L’Autorité européenne de sécurité des aliments juge cette étude insuffisante et « inadéquate ». Durant des années, ce sont les conflits d’intérêt au sein de cette Autorité que nous jugions, nous, inopportuns. Chacun se souvient du départ de la présidente du conseil d’administration, Mme Bánáti, pour l’ILSI dont elle allait devenir directrice ! Les experts qui s’érigent aujourd’hui en censeurs de l’étude du professeur Séralini sont ceux-là même qui ont autorisé le maïs NK 603. Comment pourraient-ils se déjuger aussi rapidement ?

Je regrette que le président de l’INRA ait parlé du « doute » et du « poison de la peur » que cette étude aurait instillés dans les consciences. L’absence de doute des grandes firmes semencières et l’opacité de leur activité me semblent constituer un poison bien plus redoutable, ne serait-ce que pour la démocratie.

Selon vous, professeur, pourquoi les données sur lesquelles s’est appuyée l’autorisation du maïs NK 603 n’ont-elles jamais été rendues publiques ? Pourquoi n’a-t-on jamais pu connaître les résultats des analyses sanguines effectuées à l’époque sur les mammifères testés ? N’est-il pas surprenant que ceux qui dénoncent votre étude soient ceux-là même qui interdisent l’accès aux données scientifiques d’alors ?

Enfin, professeur, vous étiez membre de la commission du génie biomoléculaire lorsque le maïs incriminé a été autorisé. Les avis des scientifiques divergeaient au sein de cette commission. Quels étaient leurs points de désaccord et comment cela a-t-il été tranché ?

M. François-Michel Lambert. Je remercie Catherine Lemorton et Jean-Paul Chanteguet d’avoir organisé rapidement cette audition qui était nécessaire. La représentation nationale ne peut se tenir à l’écart de l’actualité à un moment où nos concitoyens s’interrogent. Il convenait que nous soyons au plus tôt informés de l’étude du professeur Séralini, que je remercie d’avoir accepté de venir devant nous.

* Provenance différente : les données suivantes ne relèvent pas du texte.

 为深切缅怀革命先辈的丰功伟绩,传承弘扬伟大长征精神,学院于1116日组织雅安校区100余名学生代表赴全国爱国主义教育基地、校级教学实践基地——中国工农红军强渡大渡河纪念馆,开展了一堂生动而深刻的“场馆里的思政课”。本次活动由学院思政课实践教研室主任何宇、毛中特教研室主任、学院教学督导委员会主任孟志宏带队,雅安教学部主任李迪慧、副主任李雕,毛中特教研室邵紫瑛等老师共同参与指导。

Le 19 septembre dernier, nous avons tous été ébranlés par les résultats de votre recherche, professeur. Je salue votre courage pour l’avoir menée en secret pendant deux ans –et non trois mois seulement comme celles conduites habituellement par les firmes pour obtenir les autorisations. Elle a mis en évidence que le maïs transgénique NK 603 et le Roundup affectaient la santé des rats, avec deux à trois fois plus de tumeurs et une mortalité deux à trois fois plus élevée.

Vous avez dû la faire financer en partie par des enseignes de la grande distribution. Si l’on peut se réjouir de l’implication de ces dernières dans la recherche, jamais le privé n’égalera le public en ce domaine. Quand et comment l’État parviendra-t-il à financer de manière indépendante ces recherches qui concernent la santé publique ? Cela éviterait bien des suspicions qui vous ont valu certaines remarques désobligeantes sur la sincérité de vos travaux. Pourquoi vos recherches n’ont-elles pu être financées dans un cadre public ?

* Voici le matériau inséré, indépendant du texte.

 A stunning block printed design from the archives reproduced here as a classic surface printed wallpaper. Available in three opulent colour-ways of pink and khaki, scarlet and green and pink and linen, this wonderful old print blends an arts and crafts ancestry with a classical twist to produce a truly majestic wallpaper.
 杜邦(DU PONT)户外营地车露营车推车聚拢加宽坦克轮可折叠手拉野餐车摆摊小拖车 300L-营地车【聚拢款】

Les débats parfois très agressifs qui ont suivi la publication de votre étude nous confortent dans l’idée qu’il faut mettre une fois pour toutes en place une expertise réellement indépendante. C’est l’objet de la proposition de loi déposée en août dernier par Marie-Christine Blandin et l’ensemble du groupe Écologiste au Sénat, qui tend à la création d’une Haute autorité de l’expertise scientifique et de l’alerte en matière de santé et d’environnement.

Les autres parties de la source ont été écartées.